Pastor Doug had preached out of Proverbs 3 before encouraging all of us to choose a word this past weekend. This prompted me to memorize Proverbs 3 this year. This plaque on our mantle of Proverbs 3:5 was given to me by my prayer partner Kay when I was pregnant with G2. Another plaque of Proverbs 3:5 Kay gave me hangs in my bathroom, and another sits on the dresser in my bedroom. Proverbs 3:5 got me through the frightening days after G2 was diagnosed with cysts in his brain while in my womb. A Down Syndrome diagnosis loomed as well. For five months we prayed for a healthy baby, while submitting to God’s plan no matter what flowed into our lives along with my pregnant tears.
To this day, Proverbs 3:5 reminds me God is bigger than any fear I have and G2 is precious. A beautiful little boy.

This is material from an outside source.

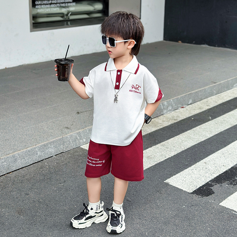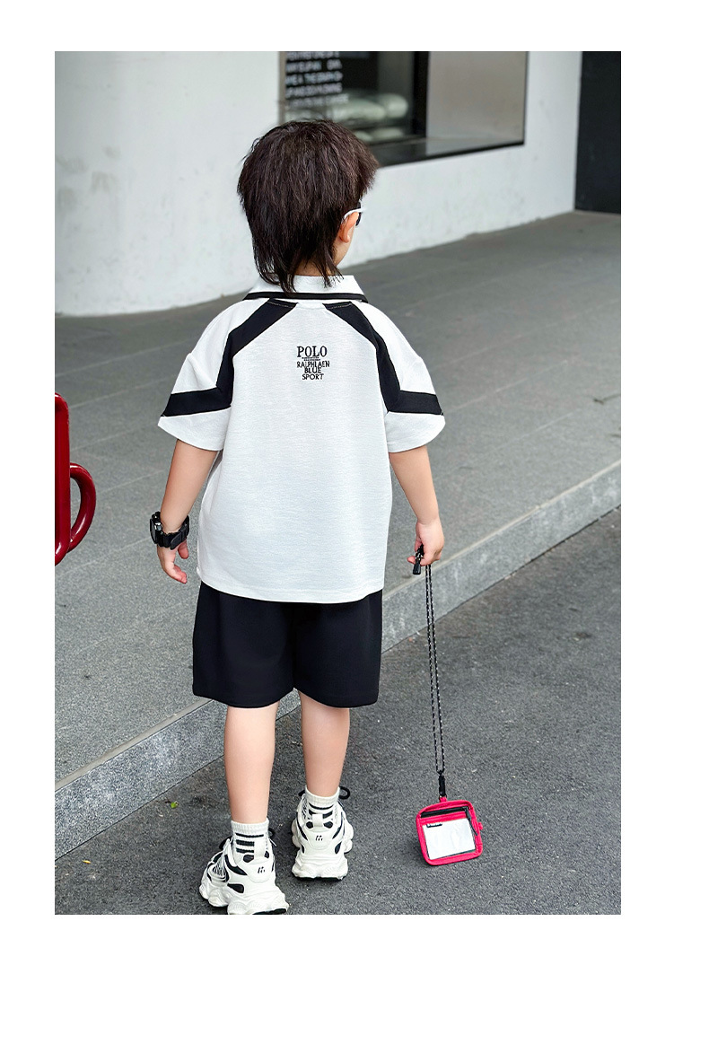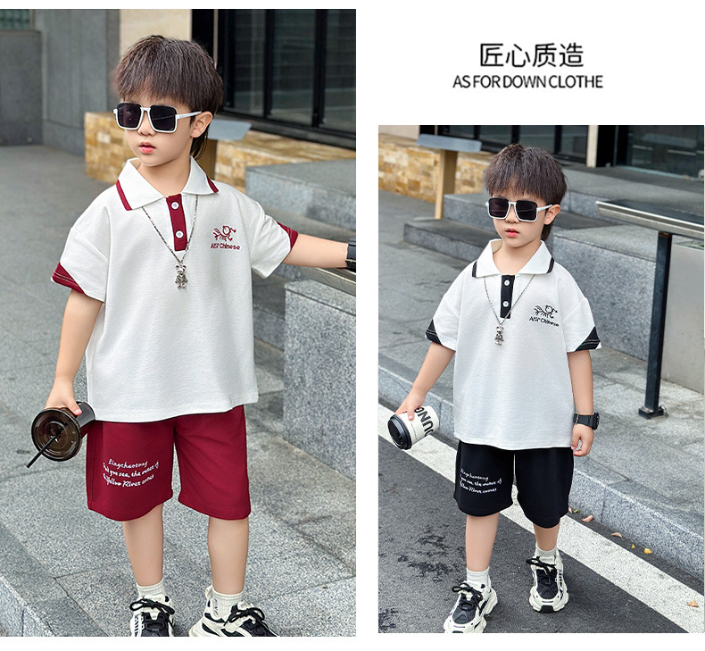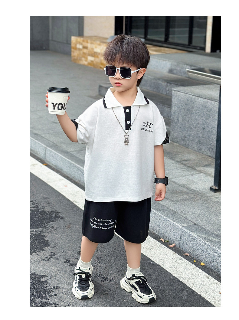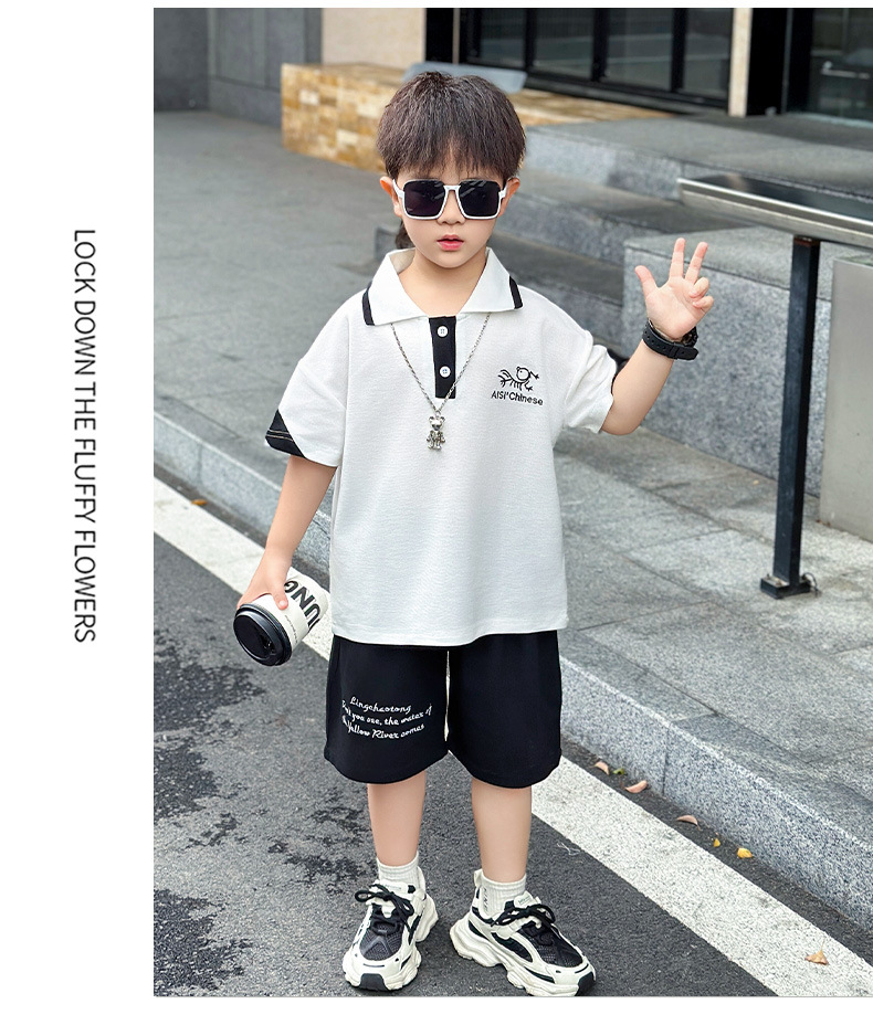 남자들의 여름 반팔 세트 2025 새로운 중대형 어린이 스포츠 소년 어린이 여름 폴로 셔츠 투피스 유행 세트스토어 가기

The Bible says to confess our sins to each other and pray for each other so we will be healed, James 5:16. I confess I’m afraid to write this year. Afraid to crack myself open. In my journals. In my blogs. In my novels.
But I must face FEAR. This is where BRAVE is born. Courage does not exist without fear.
I never realized before this moment that the word “fear” has the word “ear” in it.
So I will listen.
To write one has to listen.
And as I listen, I hear God say, “Do not fear, for I am with you; do not be dismayed, I am your God. I will strengthen you and will help you; I will uphold you with my righteous right hand” Isaiah 41:10.
Behold, God is my salvation; I will trust, and will not be afraid; for the LORD GOD is my strength and my song, and he has become my salvation. Isaiah 12:2.
The LORD himself goes before you and will be with you; he will never leave you nor forsake you. Do not be afraid; do not be discouraged. Deuteronomy 31:8.